Когда я рассказал об этом происшествии одному из наших офицеров, тот «успокоил» меня: еще и не такое увидишь. Я, к сожалению, «увидел». И не раз.
...Вскоре меня перевели штурманом на базировавшийся в той же Совгавани сторожевик - боевой корабль Тихоокеанского флота. В моем подчинении находилось три рулевых: старшина и два матроса. Младшего из них, первогодка Петухова, перевели к нам недавно. Служил он нерадиво. Старшина то и дело на него жаловался. Я тщетно пытался вызвать Петухова на откровенный разговор, стараясь понять, почему матрос, судя по отзывам, хорошо служивший на другом корабле, так изменился, оказавшись у нас. Петухов отмалчивался и лишь однажды пробормотал угрюмо:
- Я шел служить на флот, а не на каторгу.
... В начале тридцатых годов ХХ века, когда и был построен наш сторожевик, корабелы-проектировщики советских военно-морских кораблей и не думали о создании хотя бы минимальных удобств для матросского состава, которому предстояло жить здесь круглогодично (матросы тогда служили по пять лет).
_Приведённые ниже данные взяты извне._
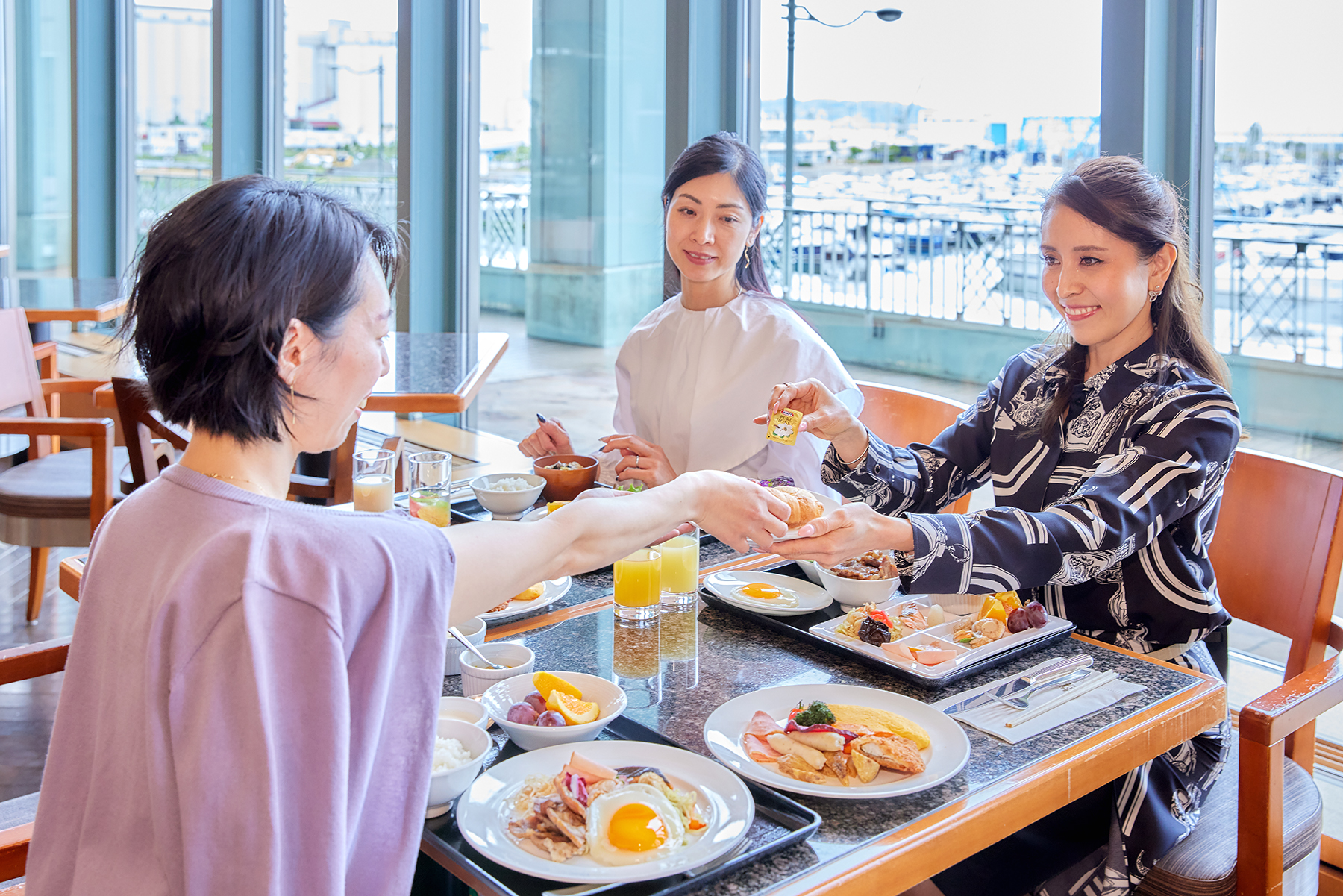 会場となる「テラスブラッセリー」からは、小樽港マリーナと石狩湾を一望できる絶景が広がり、海と空の青さが朝食をさらに特別なものにしてくれます。

Ночью в тесных кубриках на 20-25 человек, плохо проветриваемых с помощью выходящих на верхнюю палубу люков, стоял такой густой смрад, хоть топор вешай. На дореволюционного образца подвесных койках или на рундуках (спальных местах в виде ящиков), покрытых твердыми пробковыми спасательными матрасами, не заснешь без особой сноровки. Ни душа, ни каких-либо специальных мест, где можно было бы помыться, постирать нательное белье, рабочую форму-робу, проектировщики не предусмотрели. Команду матросов в любую погоду водили раз в декаду в баню, где они мылись и стирали свои вещи, стараясь успеть их хоть как-нибудь высушить. Особой заботой была борьба с тараканами на камбузе. Насекомые не боялись никаких химических составов береговых эпидемиологов, появлявшихся на корабле раз в полгода.
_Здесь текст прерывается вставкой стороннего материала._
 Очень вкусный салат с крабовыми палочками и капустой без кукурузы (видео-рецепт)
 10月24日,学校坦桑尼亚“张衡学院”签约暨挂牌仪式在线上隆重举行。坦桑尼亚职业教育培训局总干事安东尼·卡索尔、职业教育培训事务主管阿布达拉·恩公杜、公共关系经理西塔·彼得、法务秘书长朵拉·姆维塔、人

Все эти, мягко говоря, неудобства матросы и старшины наших кораблей воспринимали как неизбежные тяготы военно-морской службы. Другое дело – матрос Петухов. Его для доукомплектования штата рулевых перевели к нам с тральщика, полученного во время войны по ленд-лизу от ВМС США. Я бывал на таких кораблях: американцы проектировали их, памятуя о команде матросов, которым предстояло здесь жить и служить. Хочешь помыться – к твоим услугам душ, постирать – стиральная машина, в кубриках вентиляторы, палуба деревянная, а не покрытая вонючей и скользкой соляркой, как у нас... Да, после службы на таком корабле условия жизни на нашем сторожевике могли показаться каторжными. Петухову, не в пример нашим матросам и старшинам, было с чем сравнивать.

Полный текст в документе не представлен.